## Exercise instructions
Copy nothing from the entries below except the lines from the one containing "Según datos de" through the one containing "Château de Josselin", and copy those exactly.

## Material to process
******
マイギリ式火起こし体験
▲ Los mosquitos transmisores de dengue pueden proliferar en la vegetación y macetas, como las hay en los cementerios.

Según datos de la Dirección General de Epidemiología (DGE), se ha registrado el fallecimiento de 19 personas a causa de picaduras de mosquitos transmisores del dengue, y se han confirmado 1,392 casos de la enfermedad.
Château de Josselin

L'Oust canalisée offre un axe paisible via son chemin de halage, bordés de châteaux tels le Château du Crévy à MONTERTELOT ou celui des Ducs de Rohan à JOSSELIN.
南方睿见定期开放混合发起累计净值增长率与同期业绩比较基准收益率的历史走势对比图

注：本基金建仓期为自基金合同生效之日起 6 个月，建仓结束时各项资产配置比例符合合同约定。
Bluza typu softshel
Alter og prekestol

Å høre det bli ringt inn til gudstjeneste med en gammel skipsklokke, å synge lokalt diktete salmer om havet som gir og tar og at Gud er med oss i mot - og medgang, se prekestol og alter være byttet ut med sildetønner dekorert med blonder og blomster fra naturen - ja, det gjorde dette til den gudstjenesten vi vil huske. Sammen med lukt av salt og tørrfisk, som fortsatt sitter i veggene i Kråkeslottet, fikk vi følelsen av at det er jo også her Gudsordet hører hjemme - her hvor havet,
******
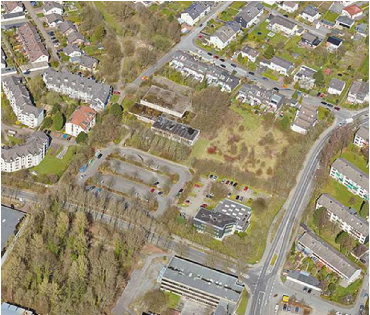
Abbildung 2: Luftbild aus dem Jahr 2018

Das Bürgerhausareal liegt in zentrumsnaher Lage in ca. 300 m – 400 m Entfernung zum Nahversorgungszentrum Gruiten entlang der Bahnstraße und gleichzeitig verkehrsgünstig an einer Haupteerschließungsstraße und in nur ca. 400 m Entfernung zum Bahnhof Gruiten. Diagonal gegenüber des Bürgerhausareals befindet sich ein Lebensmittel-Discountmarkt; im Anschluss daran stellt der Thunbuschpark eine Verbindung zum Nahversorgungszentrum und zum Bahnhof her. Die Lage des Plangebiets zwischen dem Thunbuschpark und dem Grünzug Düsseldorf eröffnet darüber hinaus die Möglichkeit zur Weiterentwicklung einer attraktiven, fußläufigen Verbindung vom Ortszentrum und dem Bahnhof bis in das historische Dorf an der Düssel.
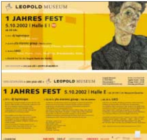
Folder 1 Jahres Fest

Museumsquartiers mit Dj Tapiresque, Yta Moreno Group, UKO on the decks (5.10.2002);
******
## Written solution
Según datos de la Dirección General de Epidemiología (DGE), se ha registrado el fallecimiento de 19 personas a causa de picaduras de mosquitos transmisores del dengue, y se han confirmado 1,392 casos de la enfermedad.
Château de Josselin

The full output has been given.